[Date Prev][Date Next][Thread Prev][Thread Next][Date Index][Thread Index]

[Staging #KYN-678004]: ldm problems on ingest



Greg,

> We are still trying to figure out the problem we spoke with you and
> Tom and Mike about in October where ldm seems to be associated with
> intermittent high iowaits that hang processes on one of our systems.
> 
> Today we transferred all of our ldm processes to another server to
> try and isolate the problem. On this new server, (which we've faked to
> look like the old one so its still ingest.eol.ucar.edu) we've installed
> ldm 6.6.5. This afternoon we got a segfault from dcmetr (see below).
> We're running a fresh install of Gempak 5.11.1 (not an upgrade).

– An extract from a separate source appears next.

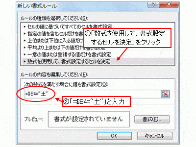 「数式を使用して、書式設定するセルを決定」をクリックして、「次の数式を満たす場合に値を書式設定」の下のボックスに「=$B4=” 土”」と入力します。

Unfortunately, I know almost nothing about the GEMPAK "dcmetr" decoder.
More unfortunately, our GEMPAK expert, Steve Chiswell, has taken a position
elsewhere.  I'll pass your inquiry around the office to see if anyone
has any advice.

In the meantime, have you checked the support-GEMPAK email to see if anyone
else has encountered problems with "dcmetr"?  You could also post an
inquiry to the "gembud" mailing-list.

Sorry I can't be of more help.  From the LDM perspective, the problem with
"dcmetr" lies outside the scope of the LDM.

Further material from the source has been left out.